The United States of America continues to experience the increasing demand for the improved quality of healthcare services. Research and evidence-based practice are two concepts and approaches that have resulted in excellence in service delivery and promoted quality among healthcare professionals, subsequently helping to provide the best services. However, there exist differences between research and evidence-based practice highlighted herein.
First, research is a methodical and premeditated exploration of a specific problem, which has a predetermined result and further contributes to an understanding of the existent phenomenon in question or the problem under study (Jolley, 2013). On the other hand, evidence-based practice is a methodological examination and assessment of the best evidence to make fundamental decisions that may necessitate changes in the present practice taking into consideration patient’s individual needs (Jolley, 2013). Although the two approaches are systematic, as seen from their definitions, they serve different purposes. Research aims at conducting investigations, the results of which contribute to the existing knowledge (Taber, 2013). In its turn, evidence-based practice aims at searching and evaluating the best evidence, which can be used in clinical practice (Taber, 2013).
Another difference between the two is evident in their endpoints. In research, the conclusion is characterized by outcomes, which are usually specified at the beginning of the study. It may involve a statement highlighting the connection between variables being investigated, explanation or exploration of the present practice, or results generated from testing a particular theory or proving or refuting a particular hypothesis (Jolley, 2013). Such are thereafter used to provide suggestions for further studies on the problem, and draw recommendations or, when applicable, call for changes in practice. On the contrary, EBP ends by making clinical decisions, which may determine a change in the present practice.
Another essential difference is based on the use of evidence. Research pays less attention to the latter that currently exists, but focuses on the one of other research, which helps build up adequate rationalization to necessitate the investigation (Rubin, 2012). On the other hand, EBP relies on an array of evidence, including but not limited to the one arising from individual needs of patients (Rubin, 2012). It focusses on the translation of evidence from research studies and applying this in clinical decision-making. The use of the evidence generated from research studies to make decisions instead of creating it from the research process is thus the fundamental difference between research and EBP.
From the differences discussed above, it is evident that the objectives of research and evidence-based practice are different. For instance, the former may aim at exploring relationships, proving/refuting a hypothesis, as well as developing extrapolative models in various areas. On the other hand, EBP is usually aimed at conducting systematic reviews of evidence, devising strategies to make a change in practice, or comparing the best evidence used in the present practice among others (Jolley, 2013).

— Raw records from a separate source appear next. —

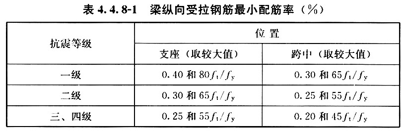 2 纵向受拉钢筋的最小配筋率不应小于表4. 4. 8-1规定的数值。
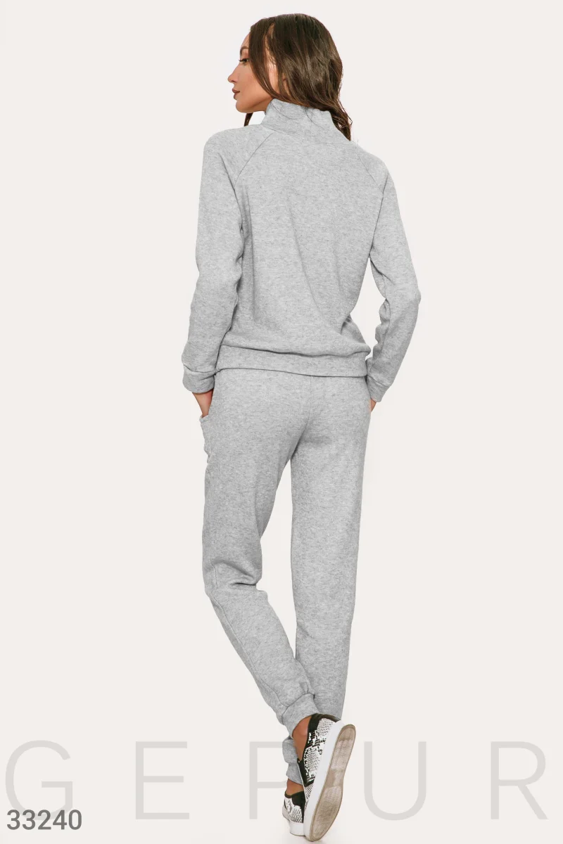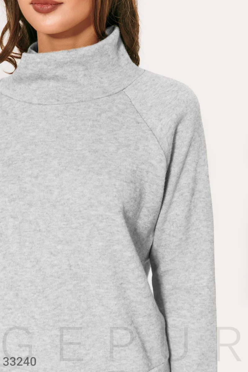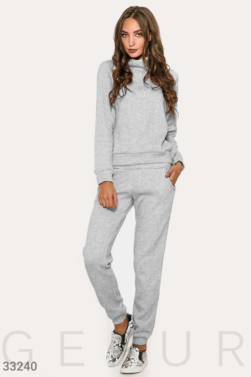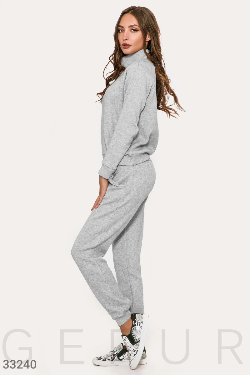 Уютный трикотажный костюм серого цвета: джемпер с воротником-гольф, длинным рукавом, брюки-джоггеры средней посадки с эластичной вставкой на поясе и двумя прорезными карманами. ,
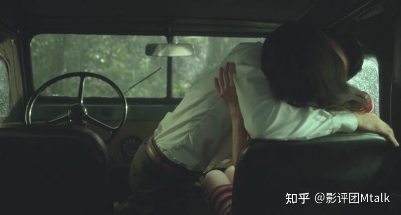 车外滂沱的大雨、郊外浓郁苍翠的绿林、潮湿的天气,都对映着车内密闭空间,男女之间澎湃的情欲流动。
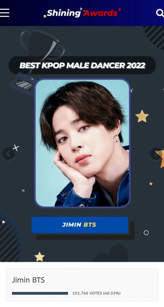 지민은 지난 9월 30일 마감된 글로벌 팬 투표 사이트 '샤이닝 어워즈(Shining Awards)'의 'Best Kpop Male Dancer 2022' 투표에서 총 10만 3766표를 얻어 40.03%의 득표율로 1위를 차지했다.
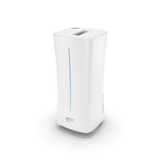 約60℃のミストを超音波振動によって噴出させる「超音波式+ヒーター式」のハイブリッド式加湿器。床上約140cmの高さまでミストが舞うパワフルさと暖かいミストでお部屋を潤します。また付属のリモコンに湿度センサーを搭載。リモコンがある場所の湿度を感知し、広範囲の加湿が可能です。
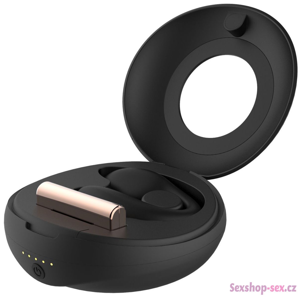 K vibrátoru dostanete praktické pouzdro, které slouží jako dokovací stanice pro vibrátor i ovladač. Pouzdro ochrání vibrátor před prachem i poškozením, a to i během cest. Na vnitřní straně víčka najdete zrcátko.

A good example of a research study is the one that focusses on examining the dependability of methods used to define nasogastric tube employment. Here, the research is likely to study whether the approaches used are reliable or not and add to the existing knowledge. The research study by Coker-Bolt, Jarrard, Woodard, and Merill (2013) titled “The Effects of Oral Motor Stimulation on Feeding Behaviors of Infants born with Univentricle Anatomy” is a good example of such research. On the other hand, an example of EBP is employing an evidence-based clinical practice recommendation to improve recovery for cancer patients. Another example is using evidence-based practice to raise the level of compliance of patients with a particular chronic disease.
In conclusion, although research and evidence-based practice display different characteristics, they are both fundamentally significant in the administration of quality healthcare. Confusion exists in differentiating the two, but the differences discussed above are the major ones.